Crossroads of Canopy (Titan's Forest #1)

Unar began to take the old woman’s arm, but Ylly’s hiss recalled to mind that any assistance was to occur once they were out of sight.

The slave’s loose, spotted skin abruptly reminded Unar of how her mother had looked, wasted by illness, on the day she’d come to demand compensation from the Garden for her runaway daughter. That was the first time Unar had climbed the walls of the Garden. She thought she’d recognised the source of the disturbance as a woman she’d hoped never to see again and was horrified to discover she was right.

I’m old, Mother had raged at the white-robed figure outside the Great Gate. I must have what I’m owed. You serve life. Do you want me to die? Because I will die, without silver, without children to do the work.

Unar had resisted the urge to answer in the affirmative. She’d leaned with one foot against the wooden wall, the other foot braced back against the trunk of a coconut palm, her hands slashed by the sharp edges of the fronds, her ears straining to hear the Servant’s reply. Anxiety had twisted her innards. She hadn’t been of age when she’d pledged herself to Audblayin. Was it possible that she’d be sent back?

Give me what I am owed! Mother had screeched.

And Unar remembered Isin and the broken lock. She said fiercely under her breath, You are the one who owes us, Mother. You are a murderer, and the Garden will never let you pass.

Yet the Servants who passed freely through the wards every day had pushed slaves to their deaths; how did that work? Unar had touched them with her magic to find out, and realised that just as the wards could be fooled by her insistence she was a seed, they could also be fooled by the magical sigils on the slaves’ tongues into thinking that aged humans were discarded refuse, no more significant to the goddess than the used leaf-plates tossed away once they were emptied of porridge.

“I won’t let her fall,” Unar told Ylly, grimly.

Delve as she might with her magic, though, she could neither figure out how the sigils were made, nor how they might be removed.
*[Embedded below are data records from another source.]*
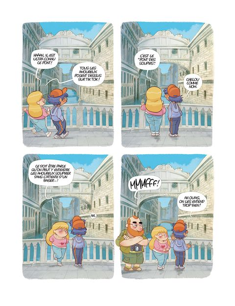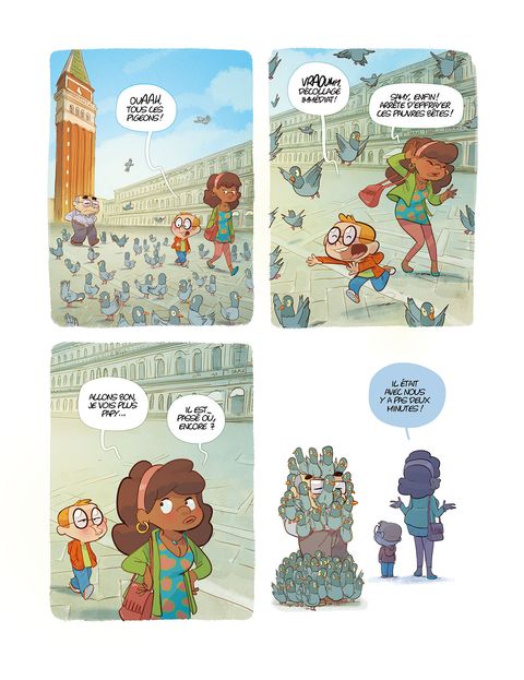 Cette fois c'est à Venise que la famille Bourlingue a décidé de passer une journée inoubliable : visiter le Palais des Doges et voyager sur le Grand Canal à bord d'un vaporetto. Mais la famille est accompagnée du petit copain de Julie, au grand agacement du père... Entre anecdotes historiques et visites des lieux iconiques, ils découvrent les trésors de la ville avec un point de vue plein de malice et de d'humour.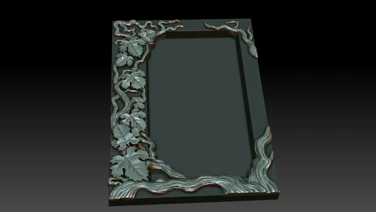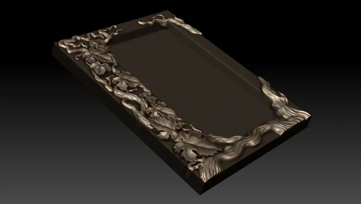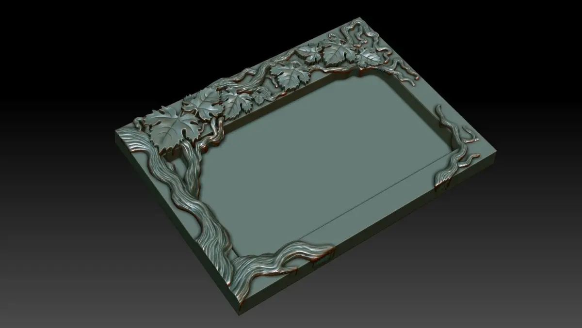 Decorative frame with grape leaves, 3d model of the decorative frame for milling on CNC machines. Can be used in the production of souvenirs, furniture, jewelry. Files in stl format, for import to artcam, rhinoceros, 3ds max, etc.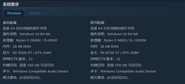 从官方配置来看,配置很亲民,而实际的游戏需求,在官方推荐配置的基础上肯定会高一些,但应该也不会高太多,RTX 5050级别的入门显卡,足以在1080P分辨率下畅玩,RTX 5060 Ti以上的显卡,2K最高画质畅玩问题不大,想体验4K分辨率的话,RTX 5070以上的显卡也足可畅玩。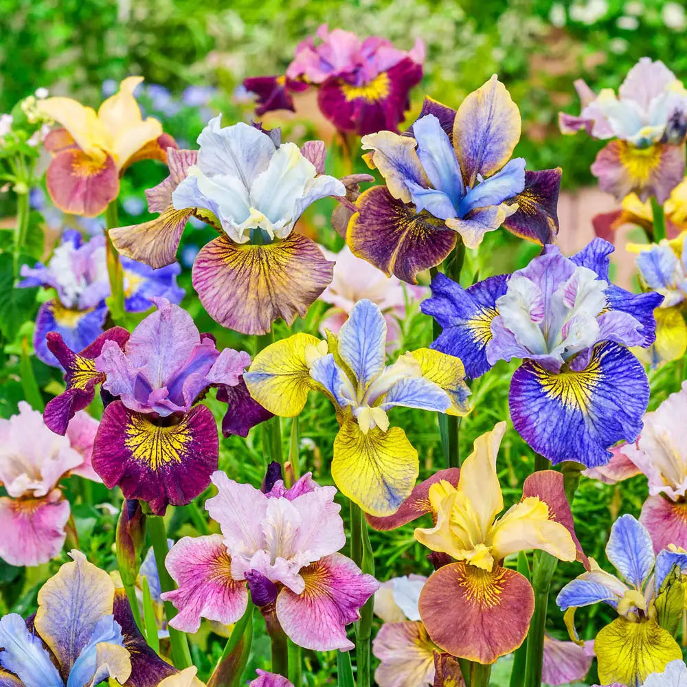 Add this magnificent mix of blooms anywhere you want spectacular color and a wealth of sophisticated blooms. Our Peacock Butterfly Mix features a striking blend of Siberian Iris in the most unusual colors available. The robust plants are well branched and carry a high number of healthy buds, ultimately resulting in a longer, stronger floral display. Long-lived garden perennials are perfect for borders and cutting beds. Plant near a water feature where they benefit from the moist soil for best impact.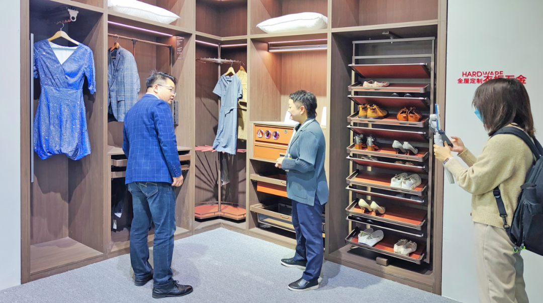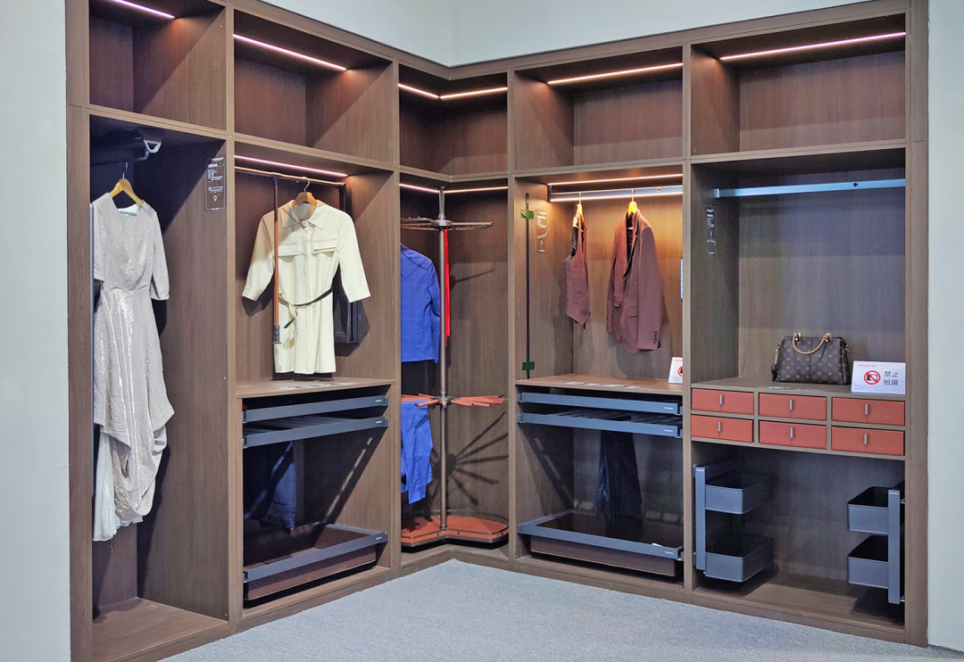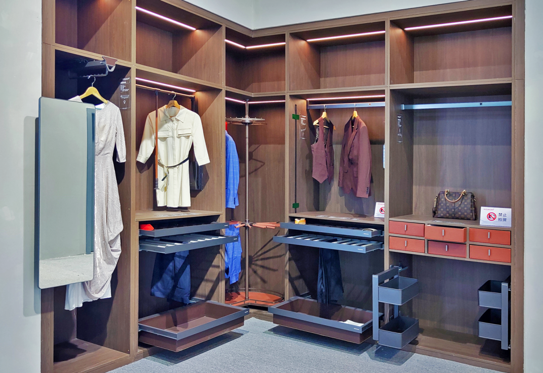 在衣帽間場景,緩沖收納籃、緩沖飾品籃、緩沖褲架、頂裝掛衣架、升降掛衣架、轉角選擇衣物籃、旋轉鞋架等多種款式的衣柜收納五金,讓每件“戰袍”、飾品充分展示魅力。金屬與皮質的表面材質碰撞出美學,兼具視覺美感和實用功能性,客商駐足忘返,感受有格調的精致生活。

She would have to ask Oos.





SIXTEEN

UNAR STOOD at the woody water’s edge.

There were no fish in this pool. These storage hollows, shaped in the clefts where the great branches of the tallowwood met the trunk, were the recipients of carved channels and leaf-nets designed to capture and divert as much rainwater from the lateral branches as possible. Underwater tunnels and tubes with various mechanisms inside them became frequently blocked by debris.

Sawas, submerged, was a darker brown shape against the brown bowl of water. It reflected the sky in some places, the smooth trunk and overhead Temple in others. The bastard child of an Odelland king popped her head out of the pool. She dumped two handfuls of soggy leaves on the edge, where they were swept up by another slave and taken away.
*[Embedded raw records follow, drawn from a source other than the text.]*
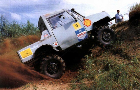 И тут у нас начинаются проблемы... Собственно, затруднения такого рода мы испытываем практически со всеми подготовленными машинами. Ведь это стандартная машина всегда готова, как дрессированная собачка, "подать лапку". А попробуй-ка найти перегиб рельефа, способный и колесо вывесить, и машину не опрокинуть! Хотя, по правде говоря, перевернуть этот автомобиль совсем непросто (несмотря на то что машина выглядит очень высокой, ее центр тяжести расположен достаточно низко). Кстати, в ходе наших маневров выявились две, пусть и не самые большие, но весьма неприятные проблемы. И обе они связаны с резиной. Во-первых, тракторная Я-358, смонтированная на штатных дисках, здорово цепляет за раму при повороте колес, издавая мерзкое "тррр". Вопрос, разумеется, могли бы решить диски с отрицательным вылетом, но вот беда: поскольку машина уникальная, то и посадочные параметры дисков у нее не менее уникальные! Ну а во-вторых, выяснилось, что тракторная резина не очень-то любит сухое бездорожье с резким рельефом. И чуть что колеса, как фрезы, начинают вгрызаться в земную твердь (особенно на крутых подъемах). Песок фонтаном, а толку ни на грош. Но зато в грязи машина на этой резине ведет себя просто замечательно! Например, болотце с илистым дном, где совсем недавно крепко засела подготовленная для триалов "Нива" Олафа Фогеля, наш "медвежонок" преодолевал в любом направлении. Хочешь - вдоль, хочешь - поперек... Понравилась мне и работа амортизаторов от ГАЗ-53.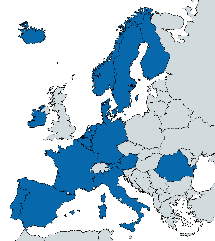 | 🇦🇹 🇧🇪 🇩🇪 🇩🇰 🇫🇮 🇫🇷 🇮🇸 🇳🇱 🇳🇴 🇸🇪 | 🇪🇺 🇪🇸 🇮🇪 🇮🇹 🇱🇺 🇵🇹 | 🇷🇴 |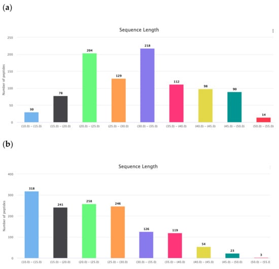 AMP’s lengths distributions for: (a) disulfide-bonded and (b) linear peptides (according to the data of DBAASP (https://dbaasp.org/statistics, accessed on 20 March 2021).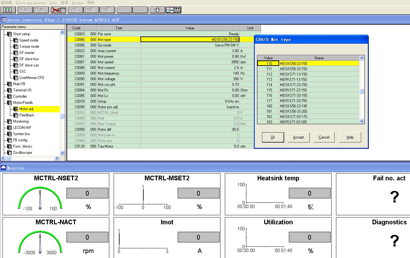 我司有一臺設(shè)備,是采用Lenze的伺服控制器(型號為:E94P040S2FEX)和伺服電機(型號為:MPST0506303)控制,前段時間該伺服電機燒掉了。現(xiàn)在我們買了一個同型號的電機來替換,但裝上后不能轉(zhuǎn)動,依照說明書和倫茨的工程師的建議,對電機做自動調(diào)整。可自動調(diào)整進行不下去。

“So.” Hasbabsah sat on a blanket with the sleeping baby, not far from the edge. “Why does the Warmed One wish to learn to swim?”

Unar shivered. She didn’t wish to. Not really. She had no choice, if she was to grow in magical power.

“Hasbabsah!” Sawas said.

“It’s all right,” Unar said. “I’m not like them. I don’t toss old women from treetops.”

“I would like to see them try,” Hasbabsah grumbled. “I would take that Servant Eilif down to the forest floor with me.”

“Hasbabsah!”

“Down you go again, little duck. Let the Warmed One worry about me.” When Sawas had obediently dived again, the old slave indicated the baby on the blanket. “This one is fourth generation.”

“She’s pretty,” Unar said, keeping her distance. Babies didn’t really interest her, except for their potential to house the souls of gods. Their screams were high-pitched enough to split heads, and they couldn’t do or say anything interesting. A pet bear cub or a trained parrot was more entertaining. Isin had been different. Isin had been her own blood.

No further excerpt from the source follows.